**EXERCISE DESCRIPTION**
Quote the data exactly, first line to the line containing "Je vadrouille ainsi", with no pictures.

**SUPPLIED MATERIAL**
##############################
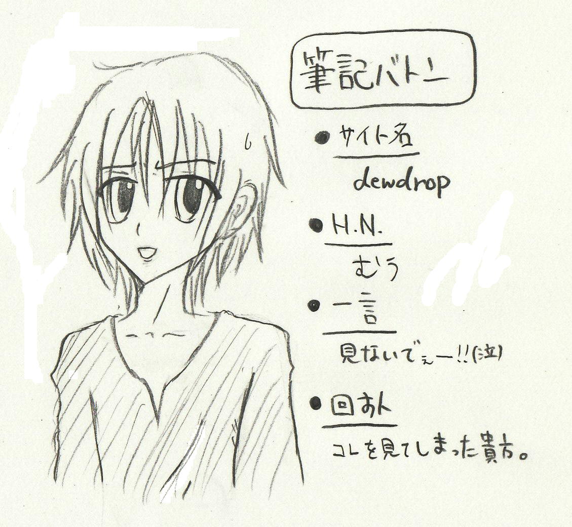 このバトン、最初はどうやって答えるのか分からなかったんですが、どうやら上の項目を自分(筆記)で書き、なおかつイラストも入れたら出来上がり…だそうです。っていうか、何故イラスト的バトンをむうに強制で回すのだ…!!(泣)
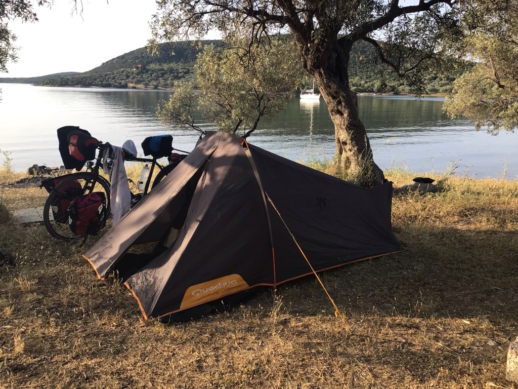 Je vadrouille ainsi pendant un certain temps pour ne pas dire un temps certain avant d’arriver enfin dans la superbe baie de Nies où le revêtement devient bitumé. Quelques personnes connaissent apparemment la promenade des anglais. Même un voilier y mouille. Vu l’heure avancée, je me pose et me mouille aussi (nouvelle baignade dans une eau à +25°C) avant de monter mon campement pour la nuit à l’ombre de deux oliviers.
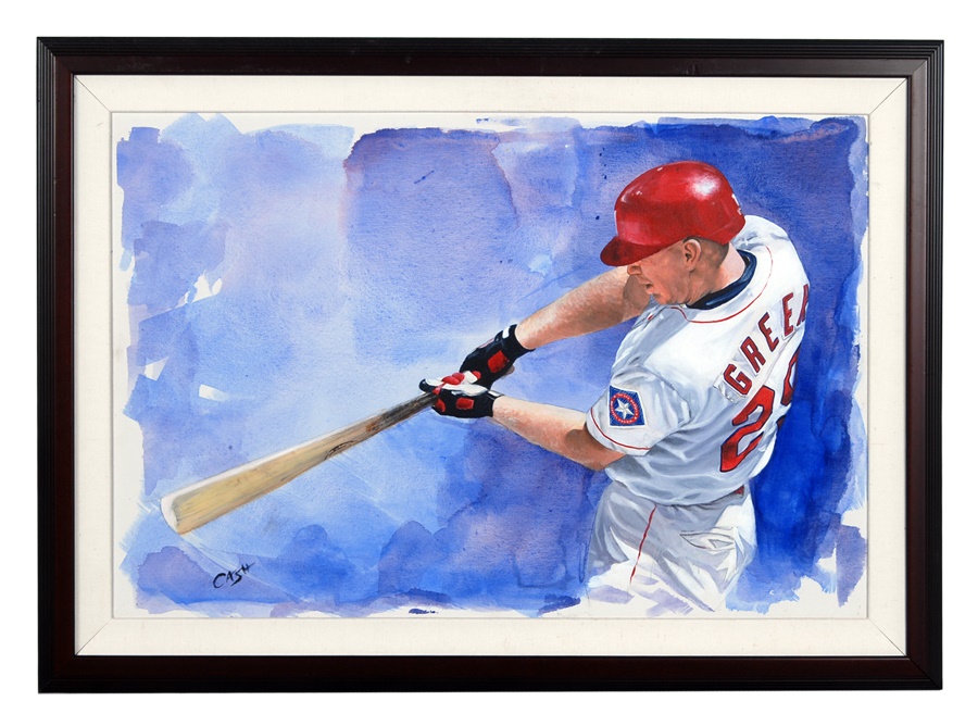 A real stunner of an oil painting by artist Eric Cash. This eye-catching 24x37.5" oil & watercolor on canvas piece shows Texas Rangers stalwart Rusty Greer uncorking a perfect swing. The color of the oil used for Greer is brilliant, and he is surrounded by multiple hues of blue watercolor. Greer played his entire career with the Texas Rangers and put up excellent stats, including a .305 career batting average and 614 RBIs, but his aggressive playing style landed him on the DL many times and ultimately cut his time in the MLB short, severely hampering his overall statistics.
##############################
**EXERCISE RESPONSE**
 このバトン、最初はどうやって答えるのか分からなかったんですが、どうやら上の項目を自分(筆記)で書き、なおかつイラストも入れたら出来上がり…だそうです。っていうか、何故イラスト的バトンをむうに強制で回すのだ…!!(泣)
 Je vadrouille ainsi pendant un certain temps pour ne pas dire un temps certain avant d’arriver enfin dans la superbe baie de Nies où le revêtement devient bitumé. Quelques personnes connaissent apparemment la promenade des anglais. Même un voilier y mouille. Vu l’heure avancée, je me pose et me mouille aussi (nouvelle baignade dans une eau à +25°C) avant de monter mon campement pour la nuit à l’ombre de deux oliviers.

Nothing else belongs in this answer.